Try it => Print the lines in the listing below starting at the line with "This Tri-Folder by" and ending at the line with "La teniente de", both included. Reproduce them exactly and omit every picture.

___ Data section ___

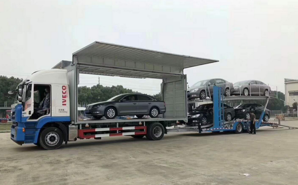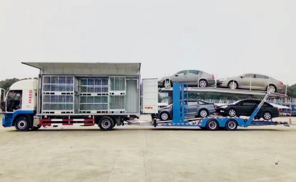 后半部分的轿运车挂车,最少可装载4台商品车,极大的降低了空载率,提升了物流效率。
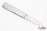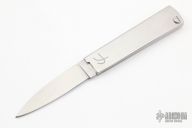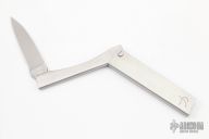 This Tri-Folder by Fred Perrin features a satin finished blade. The handle is two pieces of stainless steel the the blade folds into. Comes with a black nylon sheath. Has a couple light scratches, otherwise excellent condition.
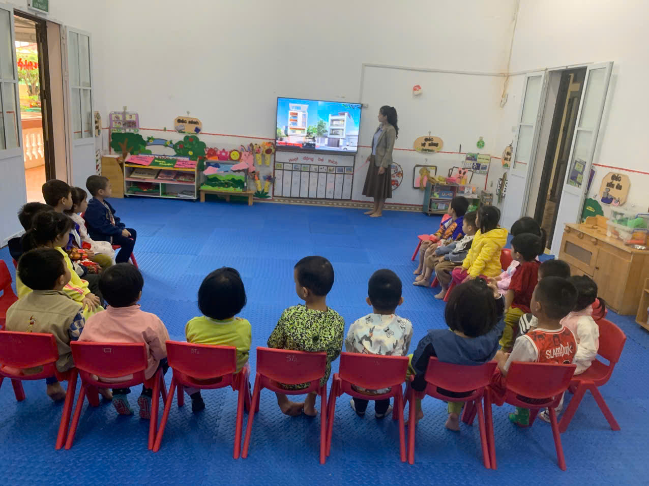 Cô cho trẻ quan sát hình ảnh hoặc video về các kiểu nhà, trò chuyện và đàm thoại để trẻ nêu đặc điểm nổi bật của từng loại (ví dụ: nhà sàn ở vùng núi cao, nhà tầng ở thành phố, nhà mái ngói ở nông thôn…).
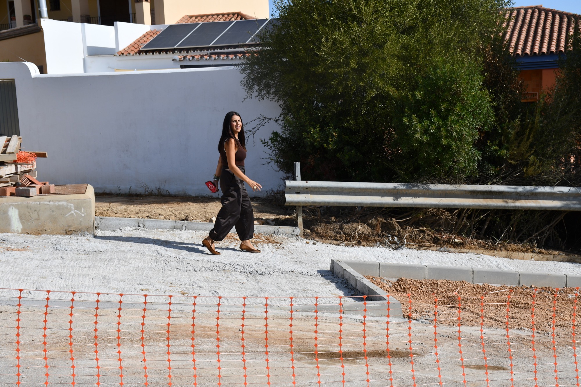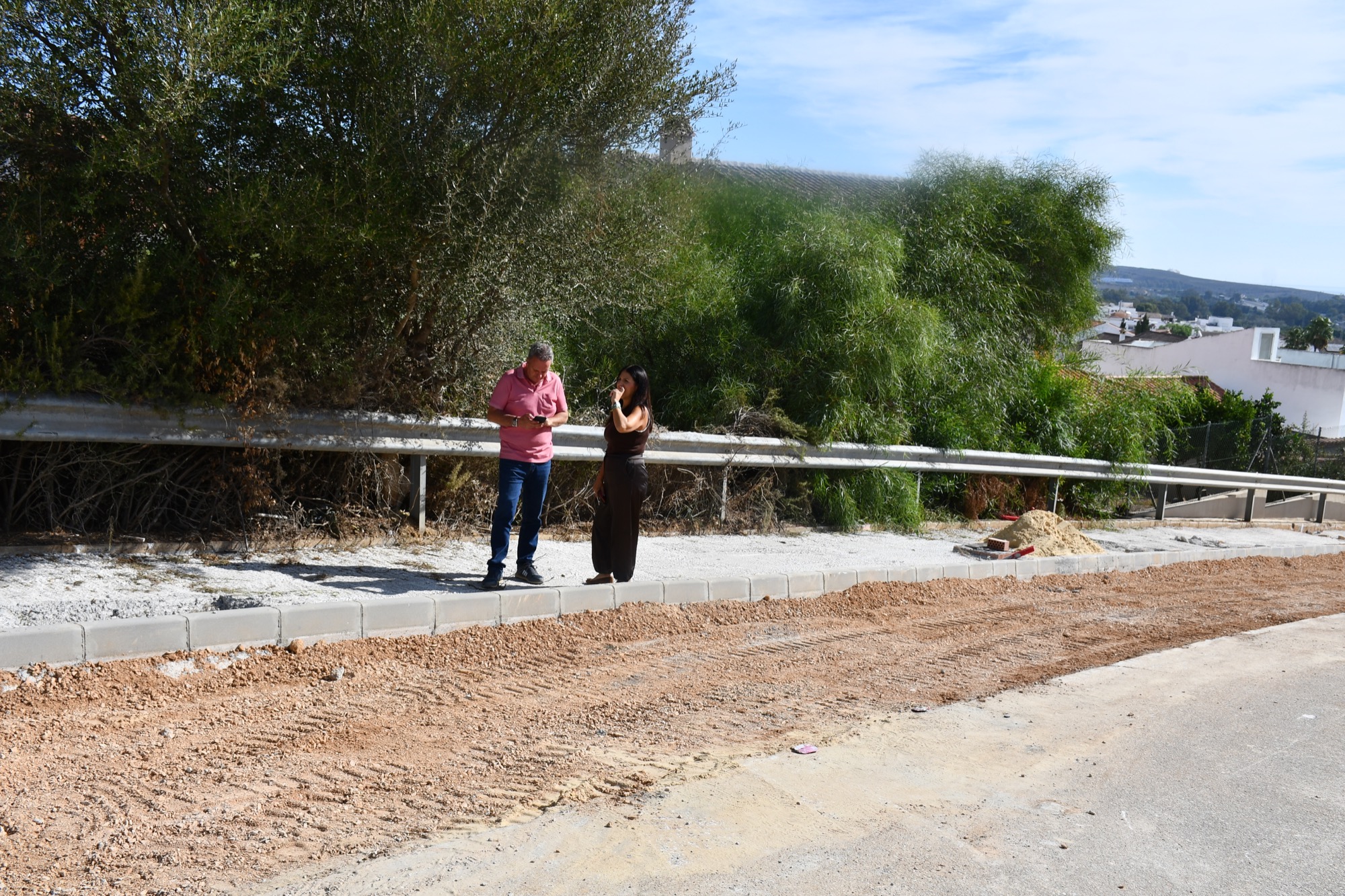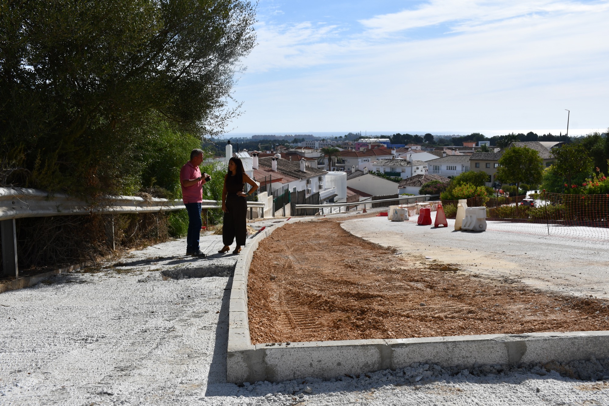 La teniente de alcalde de Obras y Servicios, Belén Jiménez, junto a un técnico municipal, ha realizado una visita de inspección a una de las actuaciones que se vienen haciendo desde el departamento de Infraestructuras y Obras, de la mencionada delegación. Se trata de una de las vías centrales de Pueblo Nuevo de Guadiaro, la Avenida El Conchudo, que además cuenta con mucho tráfico y no tenía acera.
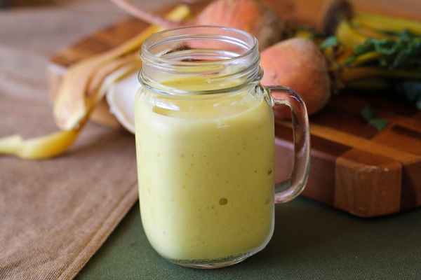 Si la luz del día adicional y el clima más cálido no te han animado, este batido sin duda lo hará. ¡Aumenta tu nivel de energía a través de las nubes! Está repleto de vitaminas y nutrientes… y por lo tanto, remolachas doradas. La remolacha dorada, la avena, los plátanos, la leche de almendras, la leche de coco y una pizca de canela son un sabroso manjar y una comida en un vaso.
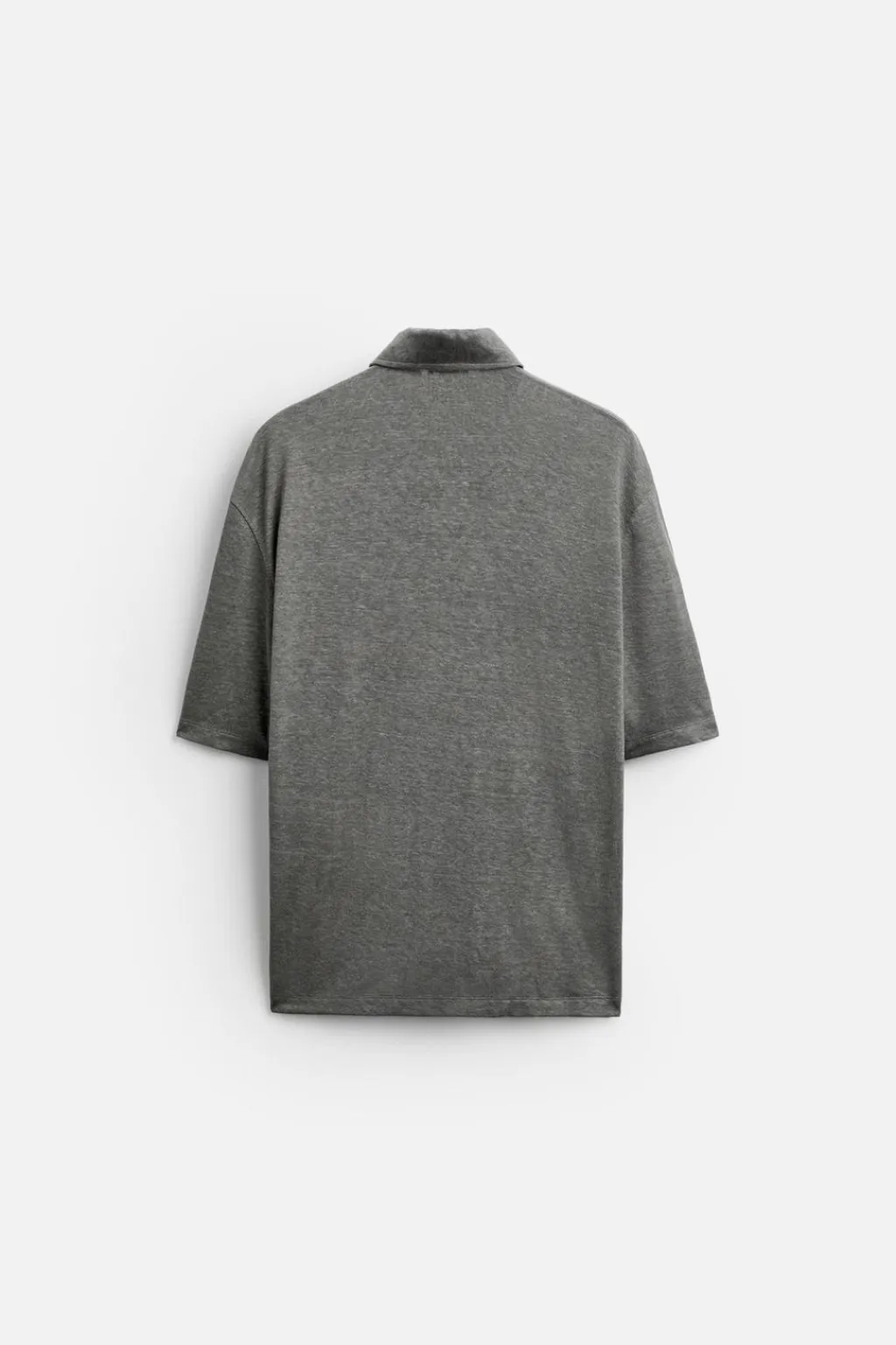 Polo regular fit confeccionado en tejido con mezcla de cáñamo y viscosa. Cuello solapa con cierre frontal de botonadura. Manga corta.

___

Written answer =>
 This Tri-Folder by Fred Perrin features a satin finished blade. The handle is two pieces of stainless steel the the blade folds into. Comes with a black nylon sheath. Has a couple light scratches, otherwise excellent condition.
 Cô cho trẻ quan sát hình ảnh hoặc video về các kiểu nhà, trò chuyện và đàm thoại để trẻ nêu đặc điểm nổi bật của từng loại (ví dụ: nhà sàn ở vùng núi cao, nhà tầng ở thành phố, nhà mái ngói ở nông thôn…).
 La teniente de alcalde de Obras y Servicios, Belén Jiménez, junto a un técnico municipal, ha realizado una visita de inspección a una de las actuaciones que se vienen haciendo desde el departamento de Infraestructuras y Obras, de la mencionada delegación. Se trata de una de las vías centrales de Pueblo Nuevo de Guadiaro, la Avenida El Conchudo, que además cuenta con mucho tráfico y no tenía acera.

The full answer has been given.